What is interesting in those two novel datasets is that they now allow to study how to deal with missing values –which is a pervasive issue when dealing with biological data of heterogenous types– and to apply explainability approaches to better understand the recommendations made by a collaborative filtering approach. Moreover, PREDICT and TRANSCRIPT are the first datasets which comprise true negative drug-disease matchings, which can allow going beyond the Positive-Unlabeled Learning† framework.
The type of data used to build datasets PREDICT and TRANSCRIPT, along with the associated code, are detailed respectively in notebooks PREDICT_dataset.ipynb and TRANSCRIPT_dataset.ipynb in the following GitHub repository. Those notebooks can be run again or improved in order to update those datasets with novel biological information or database update.
We are really looking forward to explain more in details collaborative filtering, and to apply classic collaborative filtering methods on those datasets!
Footnotes
★ Involved in at least one nonzero drug-disease matching.
✦ Rounded up to 0.01.
† This concept is explained in this blog post.

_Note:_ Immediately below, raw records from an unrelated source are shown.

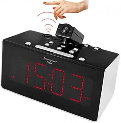 Das formschöne Funkuhrenradio Soundmaster FUR6005 bietet als Highlight eine zuschaltbare Projektionsanzeige, welche die Uhrzeit an die Zimmerdecke oder Wand projiziert.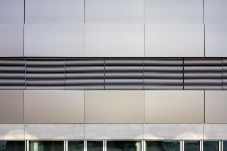 Das Dach der Halle wurde als extensiv begrünte Fläche ausgebildet. Durch die Regenrückhaltung entsteht ein Gebäude- und Umgebungskühlungseffekt, Folgen von Starkregenereignissen werden abgemildert und ein natürlicher Schutz des Daches ist gegeben. Eine Glattblechfassade lässt den verbliebenen dreigeschossigen Gebäudeteil (Grundfläche 5.000 m²) mit dem wiedererrichteten Hallenbaukörper als eine Einheit erscheinen. Im Relief der Fassade verbinden Metallbänder Alt- und Neubau miteinander. Zwischen zwei vorhanden Treppenhäusern dient ein Vordach der Adressbildung und ergänzt den Altbau mittels zwei Terrassen um Aufenthaltsmöglichkeiten. Als Beitrag zur Eindämmung von Wärmeinseln stützt die helle Farbgebung den Albedo-Effekt und reduziert so die Erwärmung der Gebäudehülle.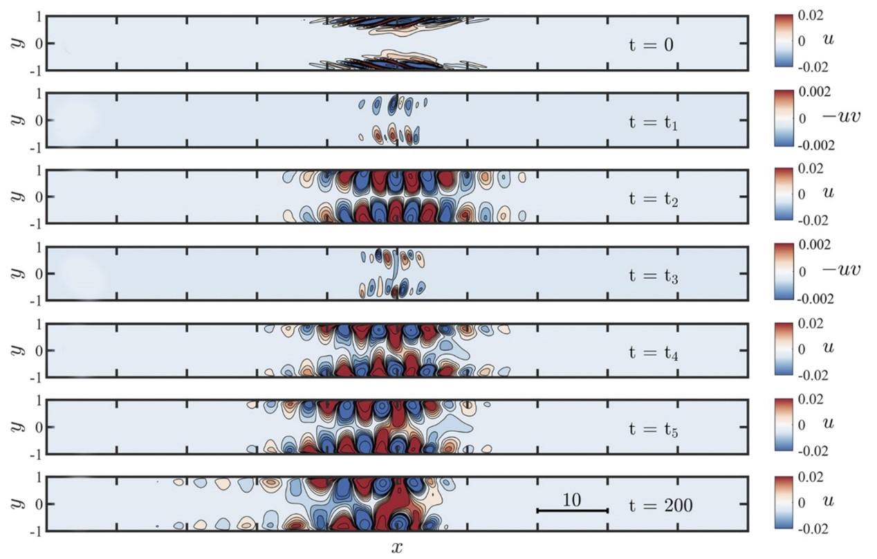 图1. 二维槽流中最优扰动演化为转捩特征结构局地波包的第一、二阶段。 u和v分别为流向和法向扰动速度。雷诺数Re=3000,(t1, t2, t3, t4, t5)=(8.90, 13.55, 17.16, 22.89, 37.78)。[1]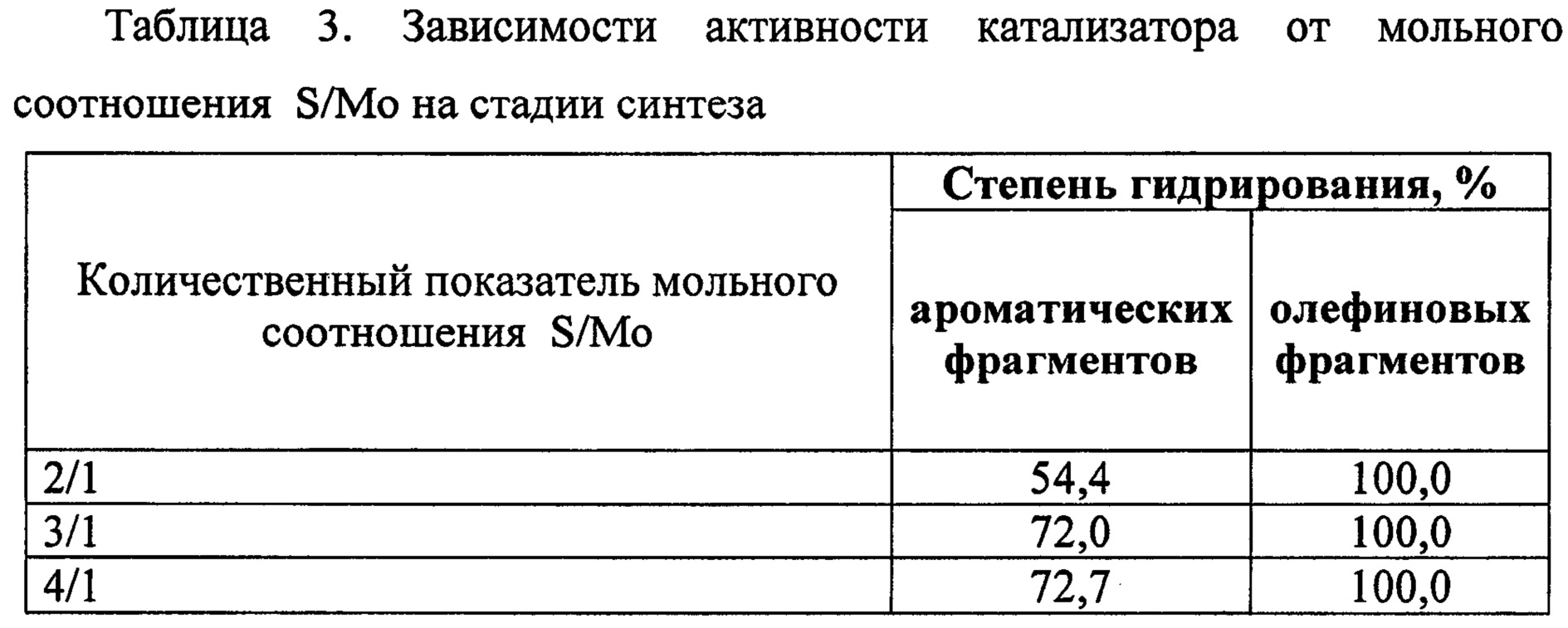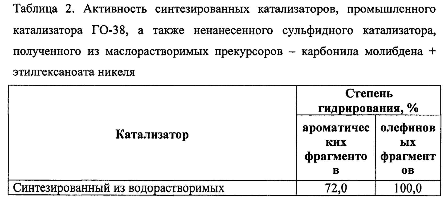 Изобретение относится к процессам получения светлых нефтеполимерных смол гидрированием при повышенной температуре при давлении водорода в присутствии катализатора и может быть использовано для получения компонентов адгезивов и клеев-расплавов, цветных асфальтобетонов, а также в пищевой и полиграфической промышленности. Нефтеполимерные смолы получают из отходов пиролизного производства. Гидрирование позволяет не только улучшить цвет нефтеполимерных смол, но и исключить токсичность и запах, повышает устойчивость к воздействию кислорода воздуха и ультрафиолетового излучения. В результате повышается стабильность всех характеристик НПС и расширяется спектр областей применения. В процессе гидрирования могут использоваться сульфидные [1, 2] и металлические [3, 4] катализаторы, либо процесс может осуществляться в две стадии на сульфидных и платиновых/палладиевых катализаторах [5]. Общий недостаток всех нанесенных катализаторов применительно к процессу гидрирования высокомолекулярных соединений - ограничение диффузии макромолекул в поры, в результате чего в реакции принимают участие только внешние, расположенные на поверхности, активные центры [6]. Кроме того, возможно блокирование пор и дезактивация катализатора по причине затруднения диффузии молекул из пор [7, 8]. Также наблюдается ограничение адсорбции полимерных цепей на поверхности вследствие конформационных ограничений и затруднение диффузии молекул из пор, что может привести к деструкции цепей, закупориванию пор и, как следствие - дезактивации катализатора. В связи с этой проблемой привлекательным является катализ гидрирования нефтеполимерных смол в дисперсной фазе ненанесенными наноразмерными частицами сульфидов металлов, широко известный применительно к процессам гидроконверсии нефтяных остатков. Несмотря на видимые преимущества, данные катализаторы в процессах гидрирования нефтеполимерных смол мало изучены. В публикации [9] рассмотрена возможность гидрирования НПС на сульфидных ненанесенных катализаторах, синтезируемых ex situ из маслорастворимых прекурсоров. Продемонстрирована возможность рециркуляции катализатора. Степень гидрирования ароматических колец достигает 46%. При высокой активности этих катализаторов и ее стабильности при рециркуляции можно отметить их недостаток - высокую стоимость маслорастворимых прекурсоров. Наиболее близкими к предложенному изобретению по технической сущности и достигаемому результату являются способ получения катализатора гидрирования нефтеполимерных смол и способ гидрирования нефтеполимерных смол в его присутствии, описанные в патенте [10], где предложено синтезировать сульфидные никель(кобальт)-молибден-вольфрамовые катализаторы из триметаллических прекурсоров ex situ. Катализатор гидрирования нефтеполимерных смол получают ex situ осаждением из прекурсора, включающего раствор неорганической соли неблагородного металла группы VIII - железа, кобальта, никеля или их смеси, и неорганической соли металла группы VIB - хрома, молибдена, вольфрама или их смеси, в воде, карбоновой кислоте или спирте. Такими соединениями могут быть нитрат никеля и парамолибдата аммония, а также их гекса- и тетрагидраты. К полученным водным растворам могут добавлять спирт, а также углеводородное масло и серу как сульфидирующий аг

Update 06/09/2023: Correction of a typo on the number of drug features in dataset LRSSL.
References
[1] Gottlieb, A., Stein, G. Y., Ruppin, E., & Sharan, R. (2011). PREDICT: a method for inferring novel drug indications with application to personalized medicine. Molecular systems biology, 7(1), 496.
[2] Luo, H., Li, M., Wang, S., Liu, Q., Li, Y., & Wang, J. (2018). Computational drug repositioning using low-rank matrix approximation and randomized algorithms. Bioinformatics, 34(11), 1904-1912.
[3] Liang, X., Zhang, P., Yan, L., Fu, Y., Peng, F., Qu, L., … & Chen, Z. (2017). LRSSL: predict and interpret drug–disease associations based on data integration using sparse subspace learning. Bioinformatics, 33(8), 1187-1196.
[4] Gao, C. Q., Zhou, Y. K., Xin, X. H., Min, H., & Du, P. F. (2022). DDA-SKF: Predicting Drug–Disease Associations Using Similarity Kernel Fusion. Frontiers in Pharmacology, 12, 3971.